Dua ekor ayam itu bertarung dengan gagah berani. Tetapi
dalam waktu singkat, ayam Cindelaras berhasil menaklukkan ayam sang Raja. Para
penonton bersorak sorai mengelu-elukan Cindelaras dan ayamnya. “Baiklah aku
mengaku kalah. Aku akan menepati janjiku. Tapi, siapakah kau sebenarnya, anak
muda?” Tanya Baginda Raden Putra. Cindelaras segera membungkuk seperti
membisikkan sesuatu pada ayamnya. Tidak berapa lama ayamnya segera berbunyi.
“Kukuruyuk… Tuanku Cindelaras, rumahnya di tengah rimba, atapnya daun kelapa,
ayahnya Raden Putra…,” ayam jantan itu berkokok berulang-ulang. Raden Putra
terperanjat mendengar kokok ayam Cindelaras. “Benarkah itu?” Tanya baginda
keheranan. “Benar Baginda,
nama hamba Cindelaras, ibu hamba adalah permaisuri Baginda.”

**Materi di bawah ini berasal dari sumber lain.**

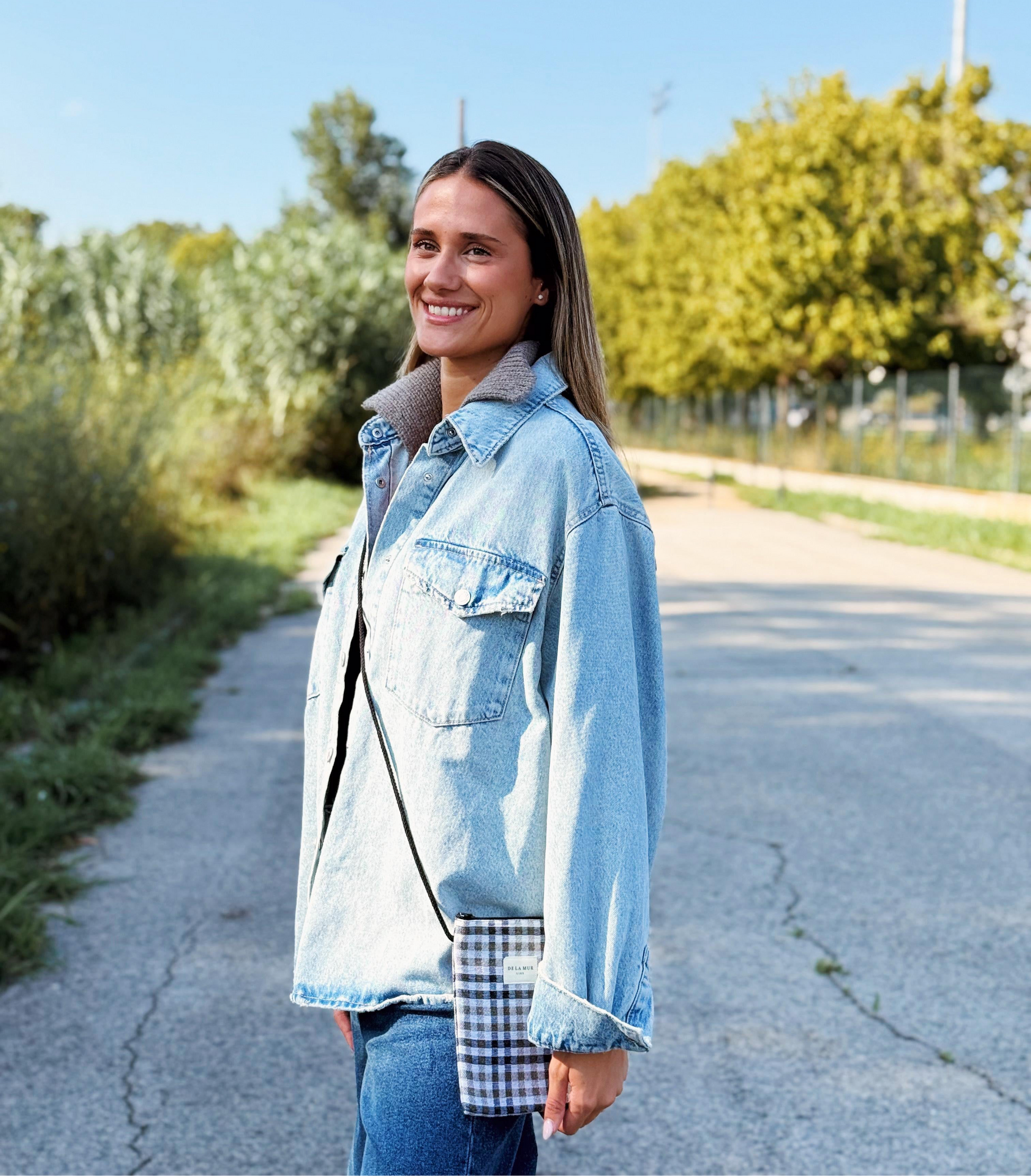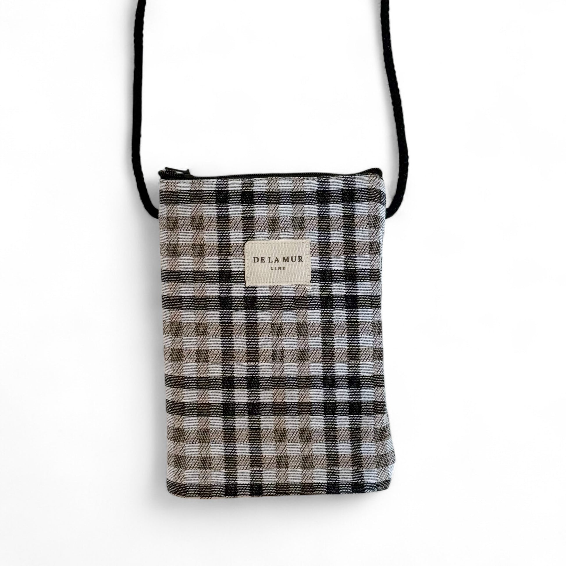 Dit leuke telefoontasje van de La Mur Line is uitgevoerd in een dikke jacquardstof met een ruitjespatroon in beige en zwarttinten.
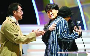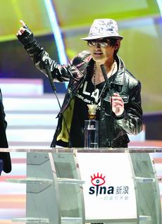 昨晚,掀起現(xiàn)場(chǎng)氣氛最高潮的是當(dāng)選“感動(dòng)藝人”的傅彪。傅彪上臺(tái)后因一度哽咽而中斷了講話:“不久前有一個(gè)普通的演員在醫(yī)院接受治療,他的愛(ài)人告訴他在新浪網(wǎng)上接收了上萬(wàn)條的祝福。于是奇跡出現(xiàn)了,今天我站在這里了。我代表我的愛(ài)人、我的兒子對(duì)網(wǎng)友表示深深的謝意!备当氡硎荆骸拔乙恢倍继嵝炎约阂诠_(kāi)場(chǎng)合忍住,但是今天太感動(dòng)了!彼M2005年能夠重返銀幕小試身手。
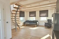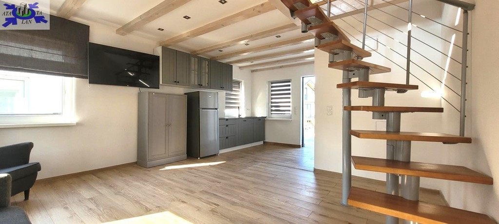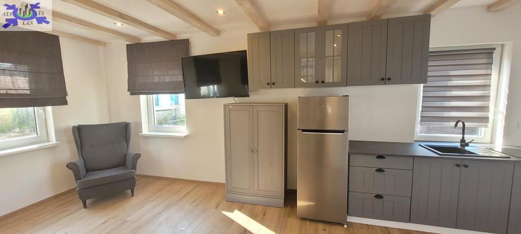 Domek świeżo wykończony i wyposażony w nowe meble i sprzęty. Na podłodze w części dziennej oraz na poziomie I - panele. W cześci kuchennej oraz łazience terakota.
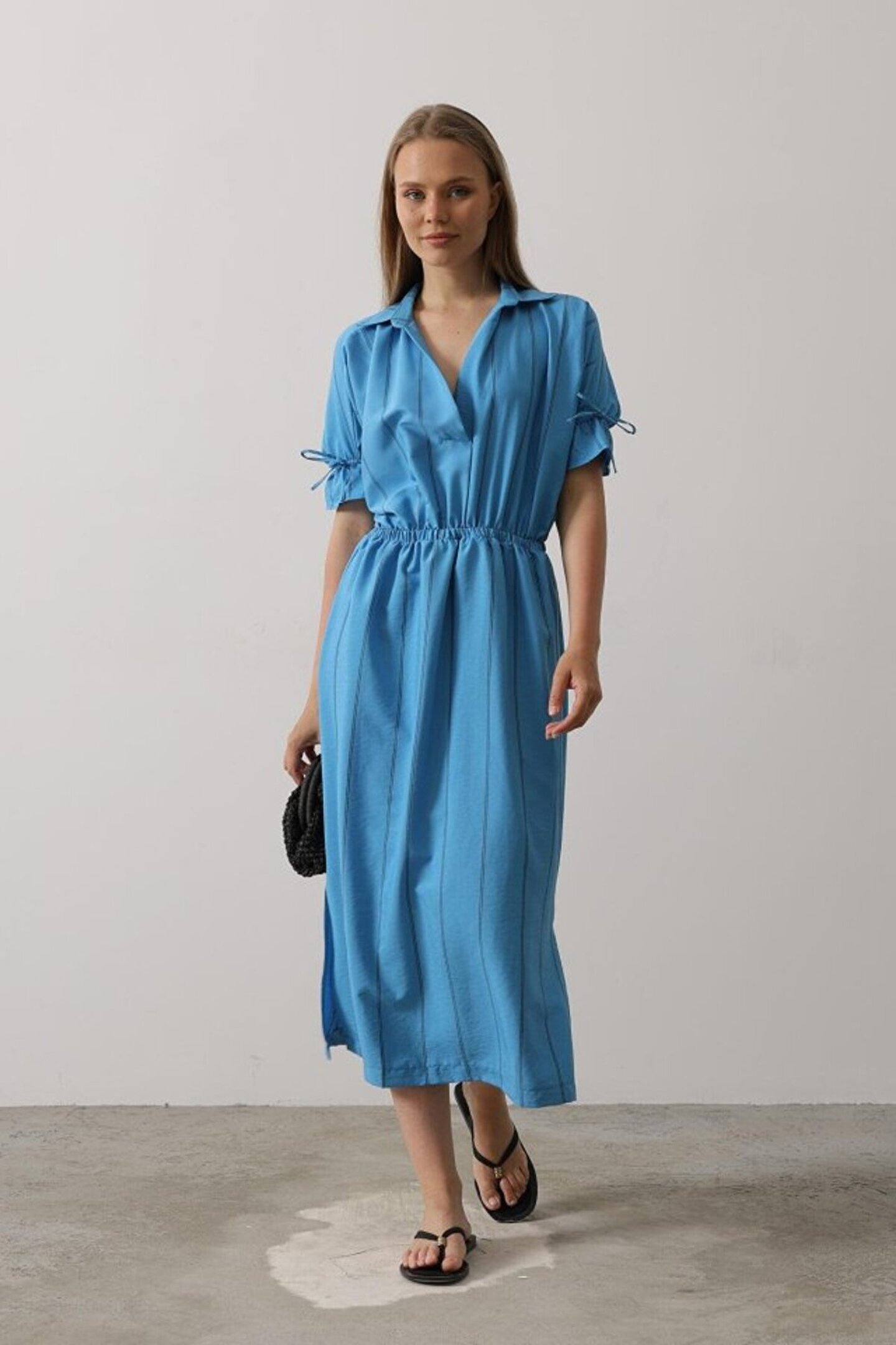 Silerra munn collection Beli Lastikli Elbise - Mavi
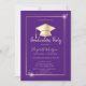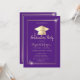 Dourado boné de formatura e estrutura dourada sobre fundo violeta.
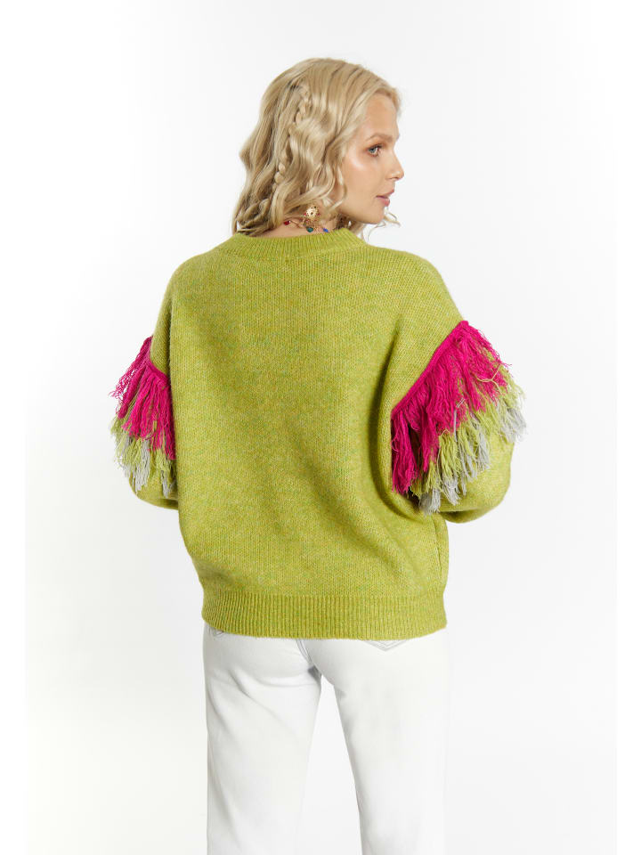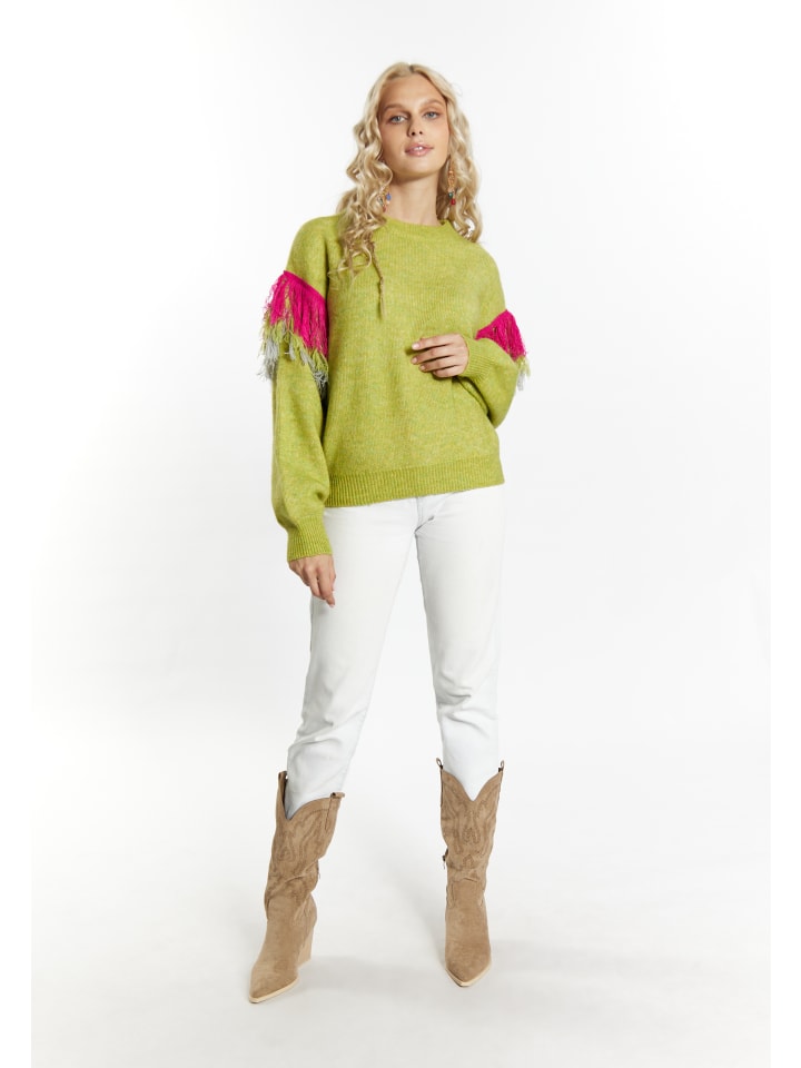 Мягкий свитер IZIA впечатляет своей формой и расцветкой. Свитер, выполненный из мягкой смесовой пряжи, украшен декоративными и красочными акцентами на рукавах, подчеркивающими непринужденный стиль бохо бренда. Ребристые манжеты завершают дизайн.

Bersamaan dengan itu, sang patih segera menghadap dan
menceritakan semua peristiwa yang sebenarnya telah terjadi pada permaisuri. “Aku
telah melakukan kesalahan,” kata Baginda Raden Putra. “Aku akan memberikan
hukuman yang setimpal pada selirku,” lanjut Baginda dengan murka. Kemudian,
selir Raden Putra pun di buang ke hutan. Raden Putra segera memeluk anaknya dan
meminta maaf atas kesalahannya Setelah itu, Raden Putra dan hulubalang segera
menjemput permaisuri ke hutan.. Akhirnya Raden Putra, permaisuri dan Cindelaras
dapat berkumpul kembali. Setelah Raden Putra meninggal dunia, Cindelaras
menggantikan kedudukan ayahnya. Ia memerintah negerinya dengan adil dan bijaksana.